MATERIAL SUPPLIED:
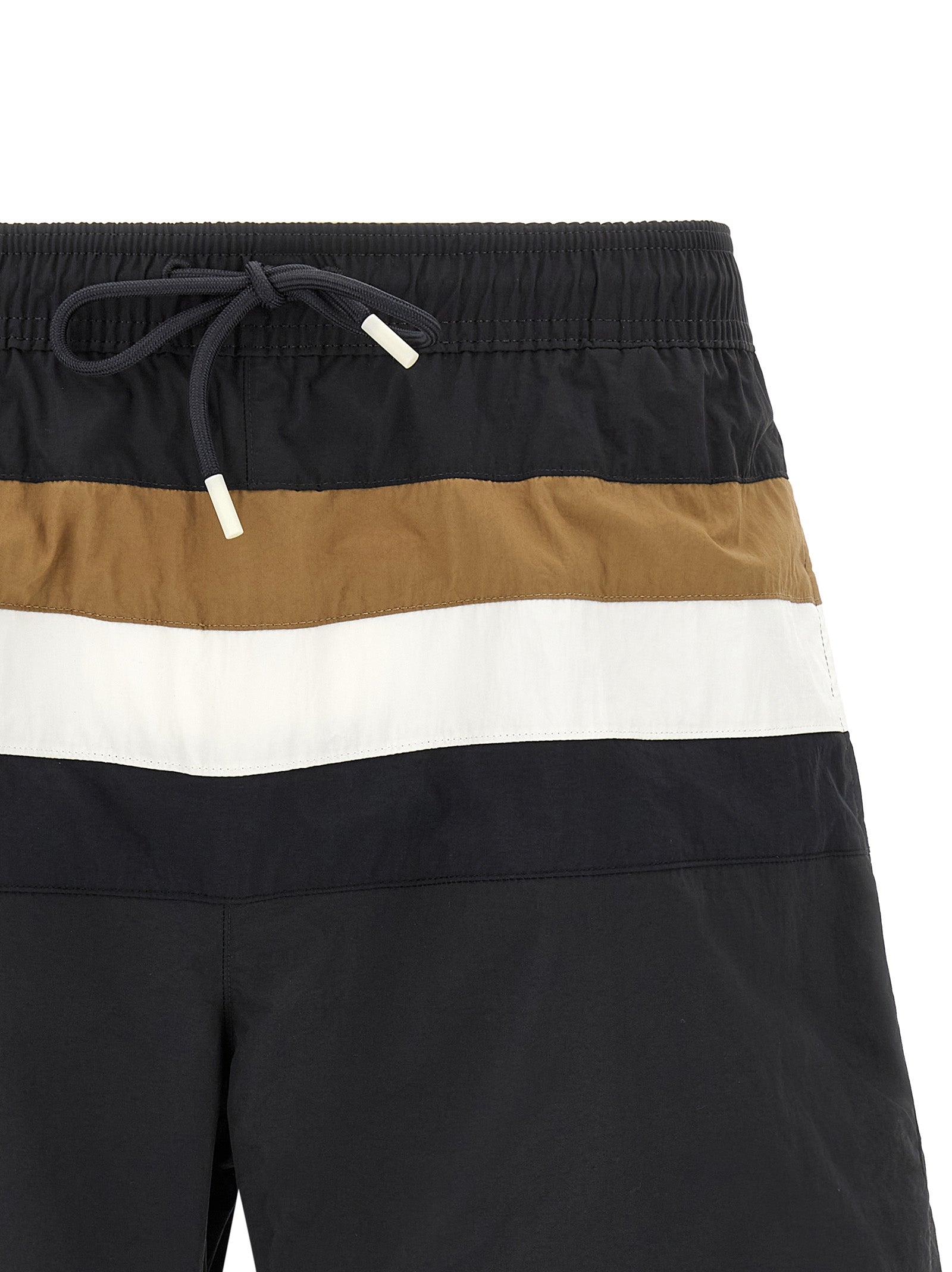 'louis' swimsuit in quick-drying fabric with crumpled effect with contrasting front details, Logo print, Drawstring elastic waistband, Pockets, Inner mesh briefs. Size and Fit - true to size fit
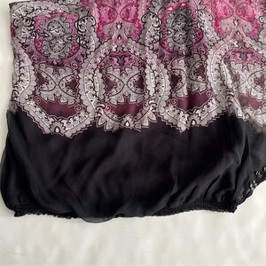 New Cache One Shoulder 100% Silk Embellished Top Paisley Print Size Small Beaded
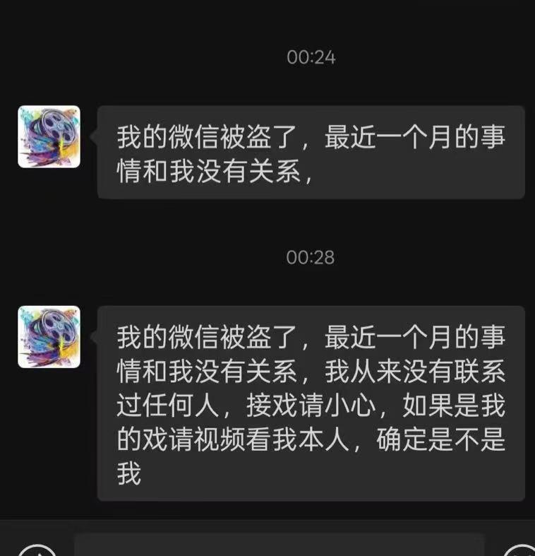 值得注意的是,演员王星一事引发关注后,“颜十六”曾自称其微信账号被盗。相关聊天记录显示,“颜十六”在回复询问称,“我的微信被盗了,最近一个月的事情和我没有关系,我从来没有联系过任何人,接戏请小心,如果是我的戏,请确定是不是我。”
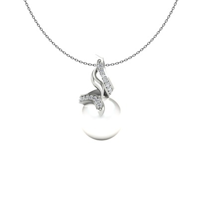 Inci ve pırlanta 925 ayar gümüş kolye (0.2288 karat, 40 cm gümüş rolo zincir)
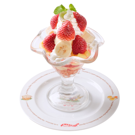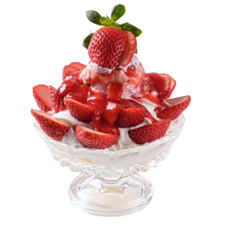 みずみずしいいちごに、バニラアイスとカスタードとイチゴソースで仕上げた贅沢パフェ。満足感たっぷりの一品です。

PROMPT: Repeat every record above exactly, but drop the pictures.

RESULT FOR THIS EXERCISE:
 'louis' swimsuit in quick-drying fabric with crumpled effect with contrasting front details, Logo print, Drawstring elastic waistband, Pockets, Inner mesh briefs. Size and Fit - true to size fit
 New Cache One Shoulder 100% Silk Embellished Top Paisley Print Size Small Beaded
 值得注意的是,演员王星一事引发关注后,“颜十六”曾自称其微信账号被盗。相关聊天记录显示,“颜十六”在回复询问称,“我的微信被盗了,最近一个月的事情和我没有关系,我从来没有联系过任何人,接戏请小心,如果是我的戏,请确定是不是我。”
 Inci ve pırlanta 925 ayar gümüş kolye (0.2288 karat, 40 cm gümüş rolo zincir)
 みずみずしいいちごに、バニラアイスとカスタードとイチゴソースで仕上げた贅沢パフェ。満足感たっぷりの一品です。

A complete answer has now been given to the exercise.